EXERCISE PROMPT: Lines from the one with "storm season | |" up to and including the one with "Desafortunadamente, mientras que" are to be copied exactly from the records below, without their pictures.

ENTRIES SUPPLIED:
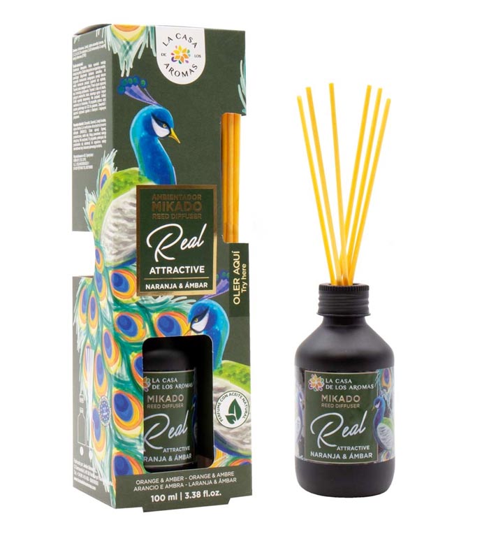 Real Attractive ambientador de mikado de La Casa de los Aromas que ajuda a eliminar os maus odores e mantém a sua casa perfumada e protegida.
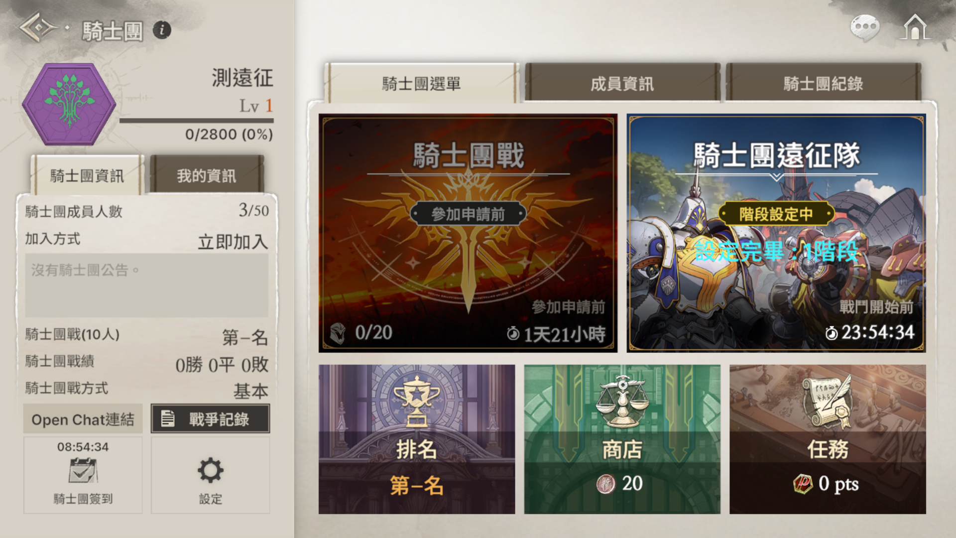 -騎士團遠征可透過消耗入場券進入,每次可進行2次戰鬥。
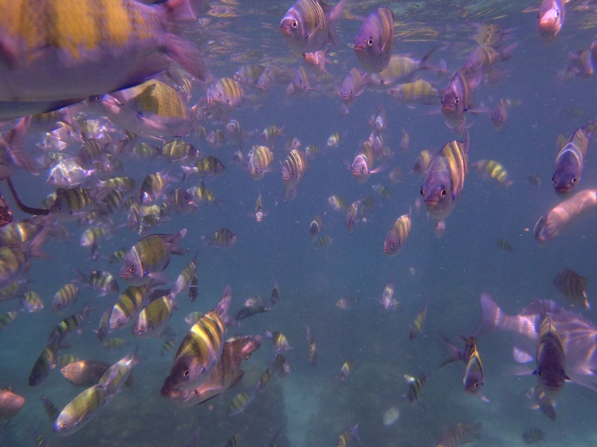 シュノーケルポイントは魚がたくさんいておもしろいです!パンももらえるし!
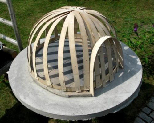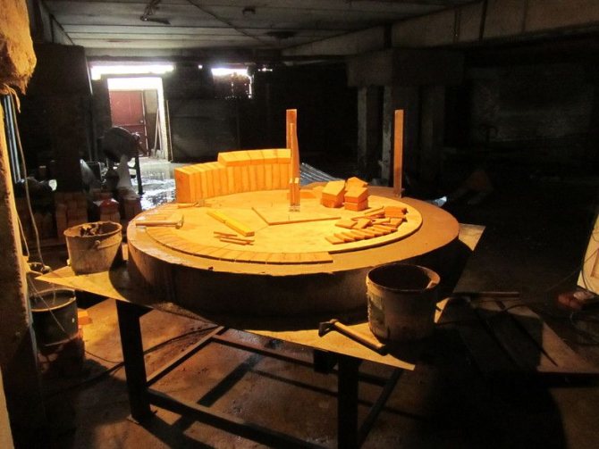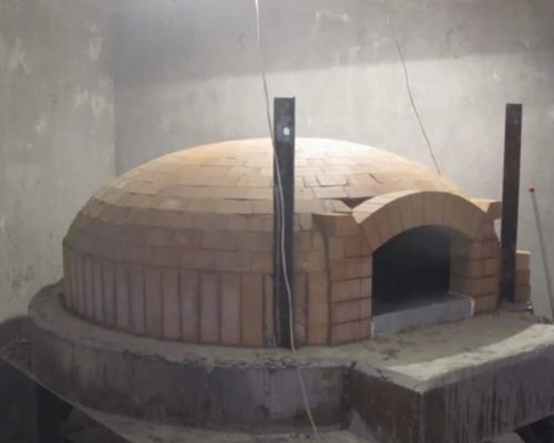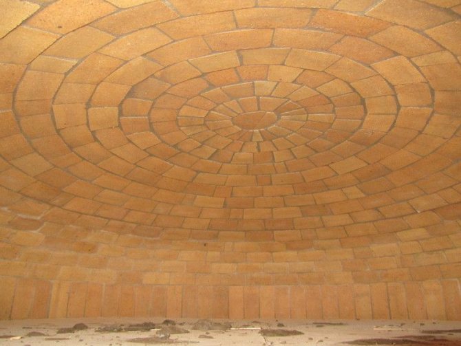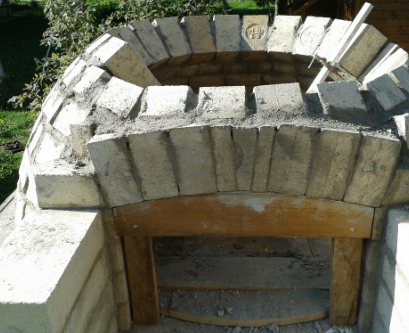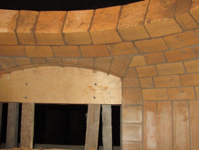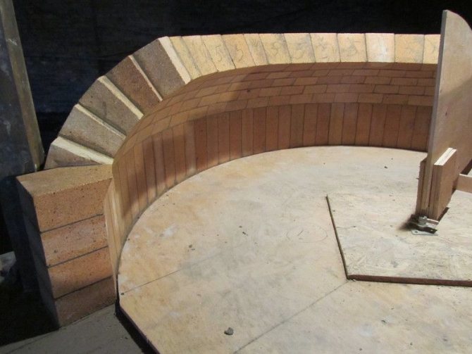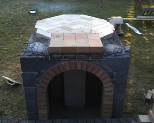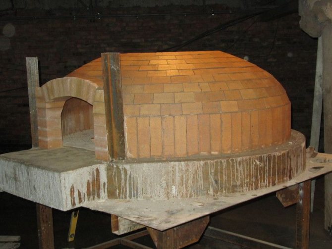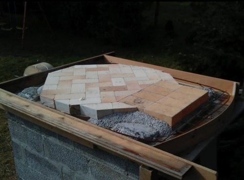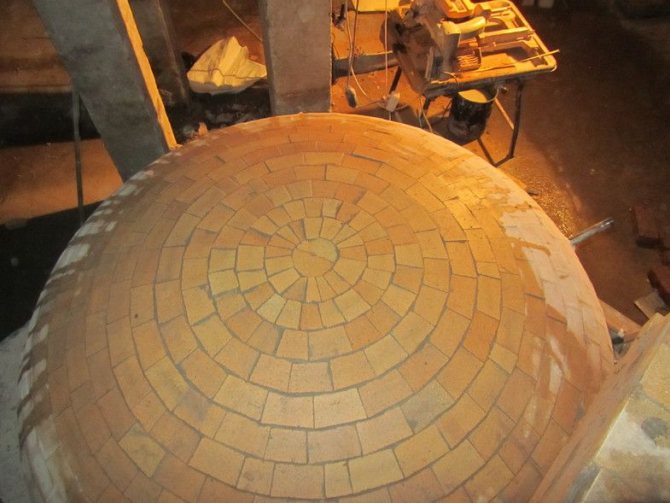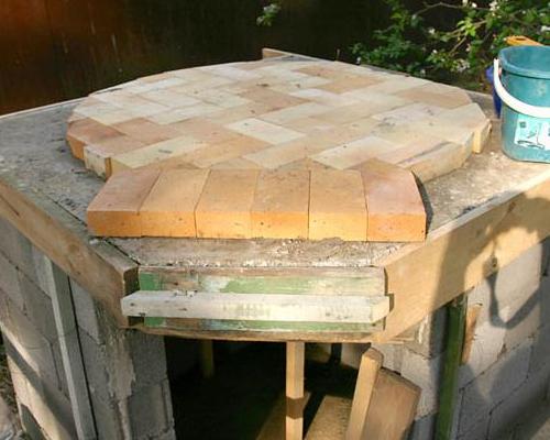 Sous le four, il est composé de briques en argile réfractaire, qui sont coupées sur les bords de manière à former un cercle. Les fentes (pas plus de 1 cm) sont remplies de mortier et tout est soigneusement nivelé. Commence alors la construction du dôme. Le point d'entrée est déterminé, un cadre en métal, en bois ou en mousse est installé ici. Le cadre en bois et en mousse doit être retiré une fois la construction terminée. La première rangée du dôme est disposée à partir des moitiés de la brique, puis, en damier, la 2e rangée. Les rangées suivantes sont disposées de manière à former une pente vers le centre de la chambre de combustion. Cela se fait à l'aide de briques ou de cales en bois. Certains artisans s'assurent en installant un gabarit en mousse ou, encore plus simple, une boule gonflable en caoutchouc au milieu du four. Une fois la maçonnerie sèche, tous les corps étrangers sont retirés.
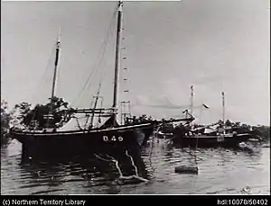 ![]() Mavie (later HMAS Mavie) and other luggers resting in harbour during the 1939 storm season | |
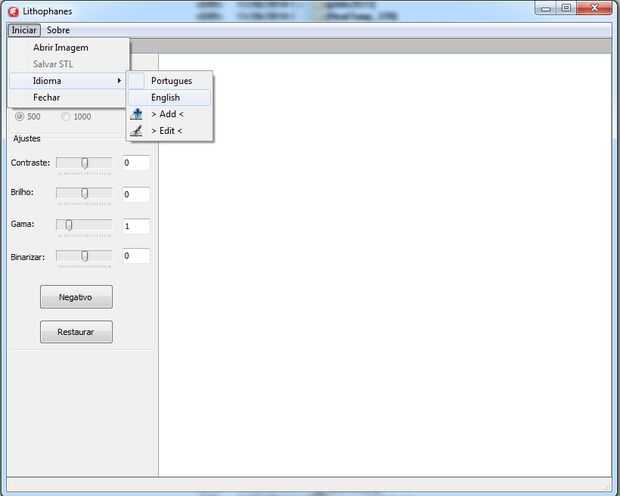 Desafortunadamente, mientras que Cura es la solución más fácil, carece en términos de opciones a la hora de cargar la imagen. La mejor aplicación que he encontrado es utilizar la aplicación Lithophanes. Está en un sitio brasileño, así que aquí está el enlace directo al instalador. Después de instalarlo, se establecerá en Portugués de forma predeterminada, pero puede configurar el idioma a Inglés por el menú de Start , luego Idioma y finalmente seleccionar Inglés. Esta es la aplicación que va a utilizar en este Instructable.
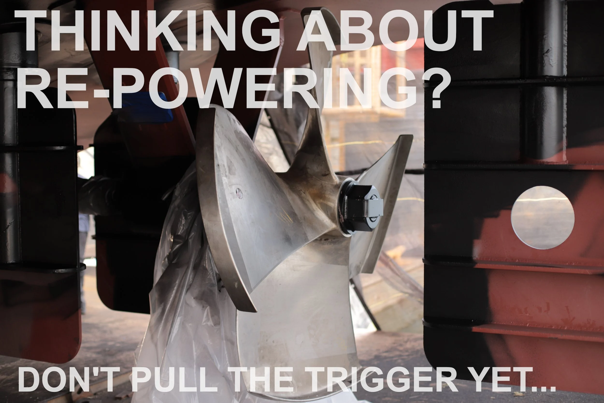And here's another question: is a re-power even necessary? Are you looking for more thrust? Perhaps you should look into the Edge. Inland push boats are seeing massive gains in thrust and maneuverability while reducing vibration and noise. And they're a heck of a lot less costly than new engines + props.
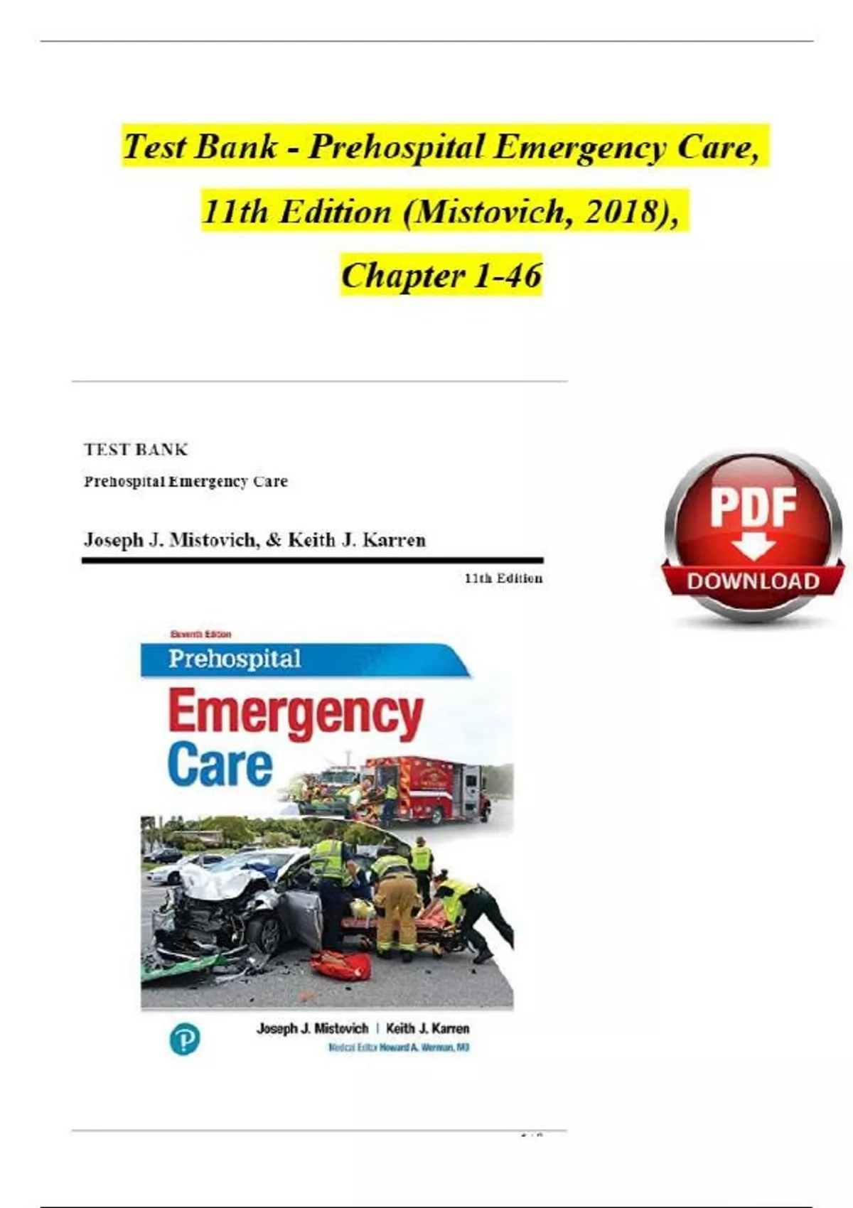 TEST BANK FOR PREHOSPITAL EMERGENCY CARE, 11TH EDITION BY JOSEPH MISTOVICH (Complete Test Bank Chapters 1-46) Prehospital Emergency Care, 11th edition (Mistovich et al.) Test Bank Table of Contents: PART 1: PREPARATORY AND PUBLIC HEALTH 1. Emergency Medical Care Systems, Research, and Public Health 2. Workforce Safety and Wellness of the EMT 3. Medical, Legal, and Ethical Issues 4. Documentation 5. Communication 6. Lifting and Moving Patients PART 2: ANATOMY, PHYSIOLOGY, AND MEDICAL TERMINOLOGY 7. Anatomy, Physiology, and Medical Terminology PART 3: PATHOPHYSIOLOGY 8. Pathophysiology PART 4: SPAN DEVELOPMENT 9. Life Span Development PART 5: AIRWAY MANAGEMENT, ARTIFICIAL VENTILATION, AND OXYGENATION 10. Airway Management, Artificial Ventilation, and Oxygenation PART 6: ASSESSMENT 11. Vital Signs, Monitoring Devices, and History Taking 12. Scene Size-Up13. Patient Assessment PART 7: GENERAL PHARMACOLOGY AND MEDICATION ADMINISTRATION 14. General Pharmacology and Medication Administration PART 8: SHOCK AND RESUSCITATION 15. Shock and Resuscitation PART 9: MEDICINE 16. Respiratory Emergencies 17. Cardiovascular Emergencies 18. Altered Mental Status, Stroke, and Headache 19. Seizures and Syncope 20. Acute Diabetic Emergencies 21. Allergic and Anaphylactic Reactions 22. Toxicologic Emergencies 23. Abdominal, Hematologic, Gynecologic, Genitourinary, and Renal Emergencies 24. Environmental Emergencies 25. Submersion Incidents: Drowning and Diving Emergencies 26. Psychiatric Emergencies PART 10: TRAUMA 27. Trauma Overview: The Trauma Patient and the Trauma System 28. Bleeding and Soft Tissue Trauma 29. Burns 30. Musculoskeletal Trauma and Nontraumatic Fractures 31. Head Trauma 32. Spinal Trauma and Spine Motion Restriction 33. Eye, Face, and Neck Trauma 34. Chest Trauma 35. Abdominal and Genitourinary Trauma 36. Multisystem Trauma and Trauma in Special Patient Populations PART 11: SPECIAL PATIENT POPULATIONS 37. Obstetrics and Care of the Newborn 38. Pediatrics 39. Geriatrics 40. Patients with Special Challenges 41. The Combat Veteran PART 12: EMS OPERATIONS 42. Ambulance Operations and Air Medical Response 43. Gaining Access and Patient Extrication 44. Hazardous Materials 45. Multiple-Casualty Incidents and Incident Management 46. EMS Response to Terrorist Incidents
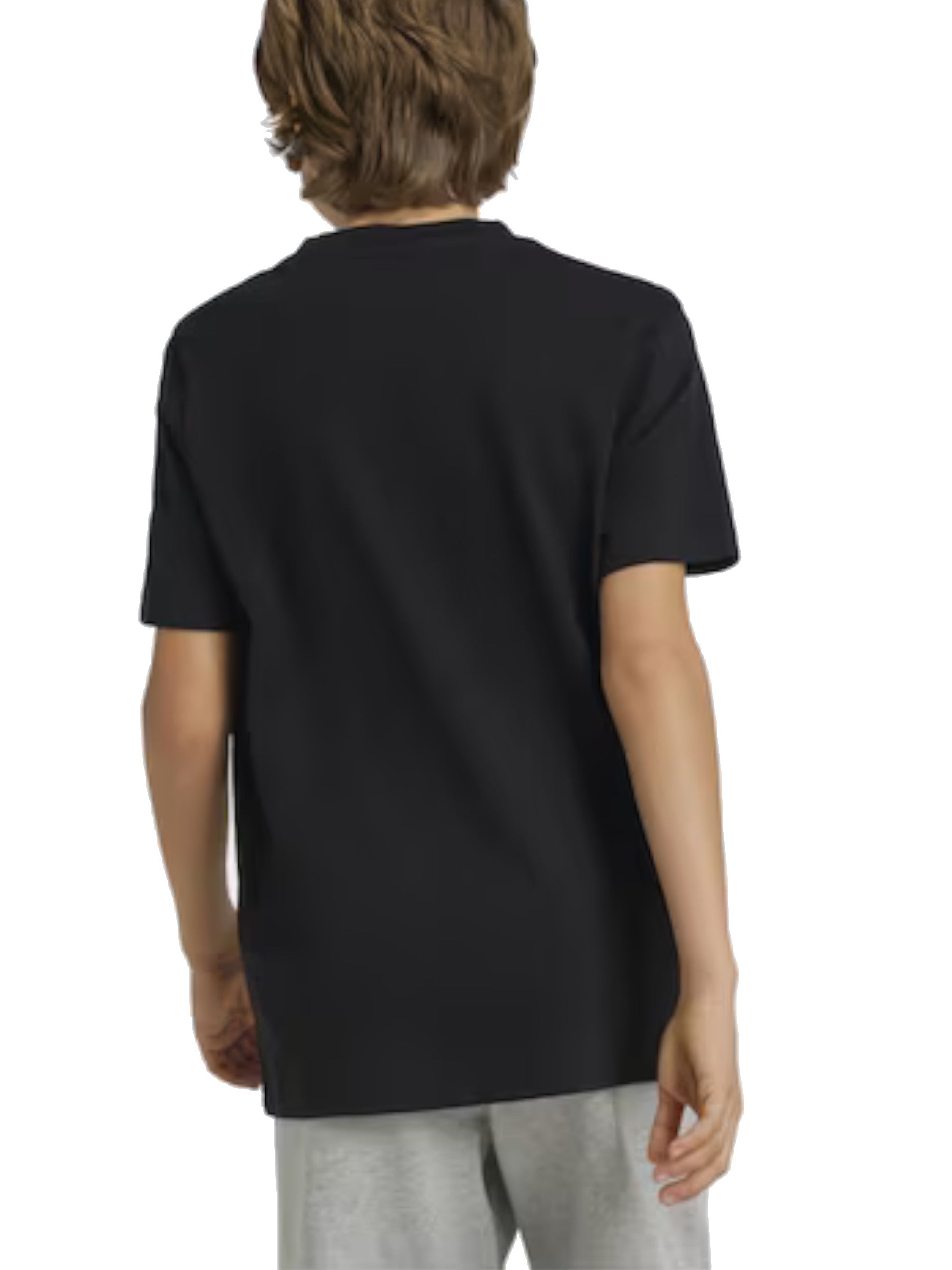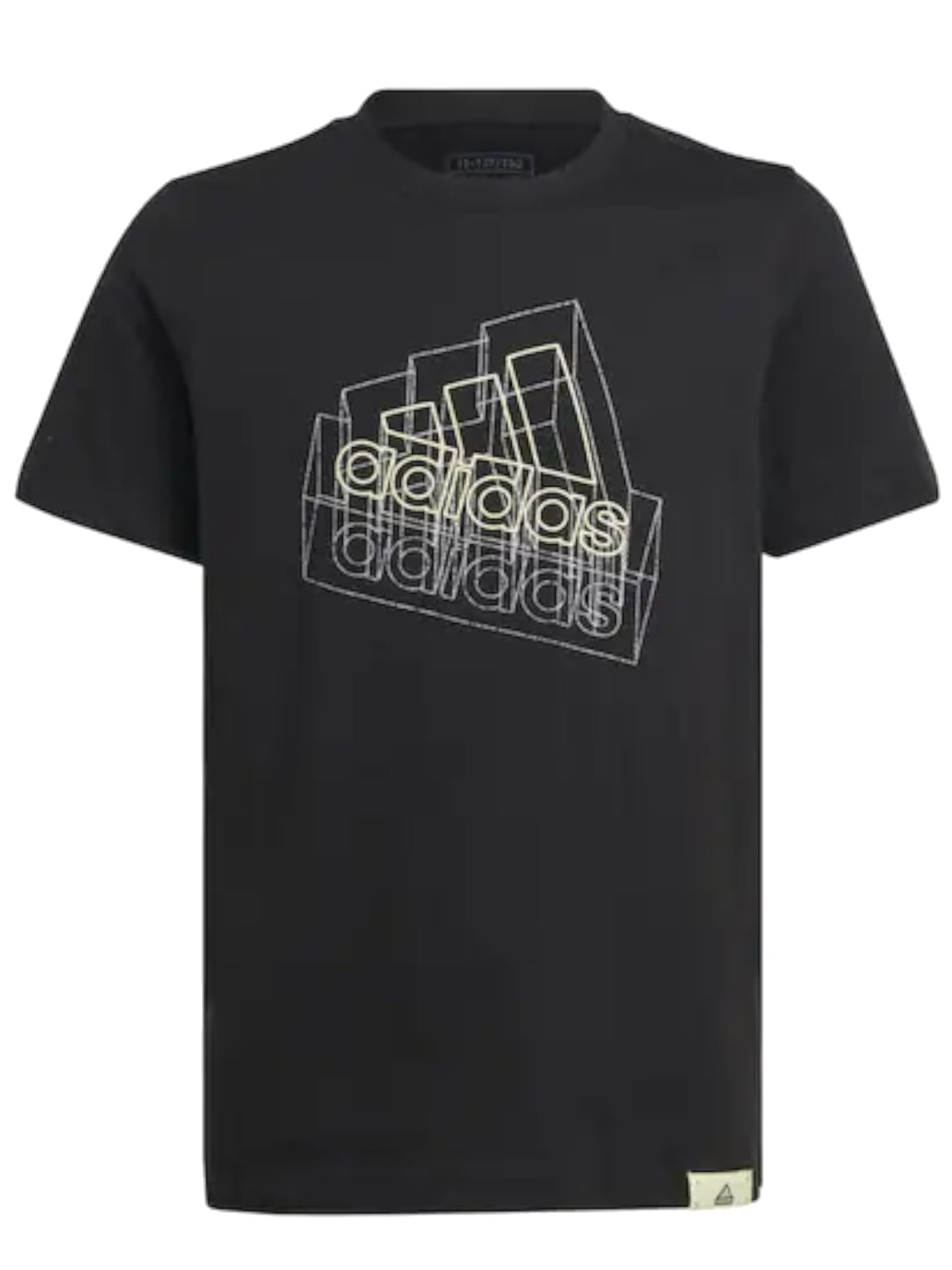 T-shirt Adidas nera da bambino con maxi stampa Tech Table IW24, realizzata in 100% puro cotone. Questa maglia Adidas nera girocollo ha le maniche corte, il fondo regolare e la maxi stampa del brand sul davanti a contrasto colore.
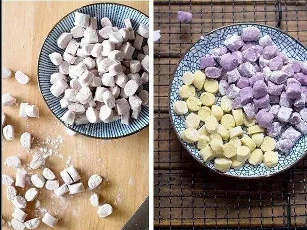 4、最后,将水在锅中烧开,加入芋圆球煮1分钟至膨胀漂浮在水面,红薯的则要多煮一会儿。
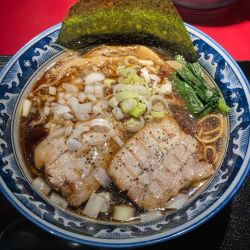この一品は「本州では流通の少ない希少な知床鶏をじっくり炊いてらうす昆布の出汁と合わせました。低温調理チャーシューの豚肩ロース鶏ムネ肉の二種のチャーシュー付けの一杯になります。」
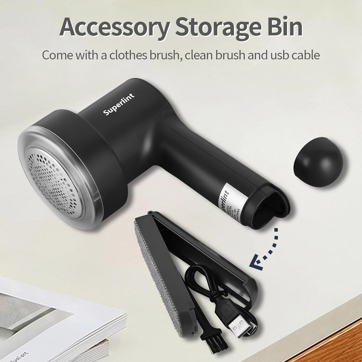 SUPER LINT Electric Fabric Shaver Electrostatic Brush, LED Display, 3-Speeds, Rechargeable Sweater Shavers to Remove Pilling for Clothing, Couch, Furniture, Black
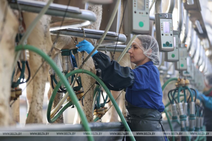 Главный зоотехник СПК «Агрокомбинат «Снов» Константин Бондарь отметил, что предприятие находится в десятке лидеров в Беларуси по молочному производству. «Среднегодовой удой на корову составляет больше 10 тыс. кг молока. И все благодаря содержанию, уходу и кормлению. Корма у нас качественные, с высокой питательностью, с высокими показателями по белку. Все эти корма, которые мы заготавливаем, исследуются в лаборатории. И потом на основании исследований, анализов кормов составляется рацион кормления», — добавил он.

RESULT:
 ![]() Mavie (later HMAS Mavie) and other luggers resting in harbour during the 1939 storm season | |
 Desafortunadamente, mientras que Cura es la solución más fácil, carece en términos de opciones a la hora de cargar la imagen. La mejor aplicación que he encontrado es utilizar la aplicación Lithophanes. Está en un sitio brasileño, así que aquí está el enlace directo al instalador. Después de instalarlo, se establecerá en Portugués de forma predeterminada, pero puede configurar el idioma a Inglés por el menú de Start , luego Idioma y finalmente seleccionar Inglés. Esta es la aplicación que va a utilizar en este Instructable.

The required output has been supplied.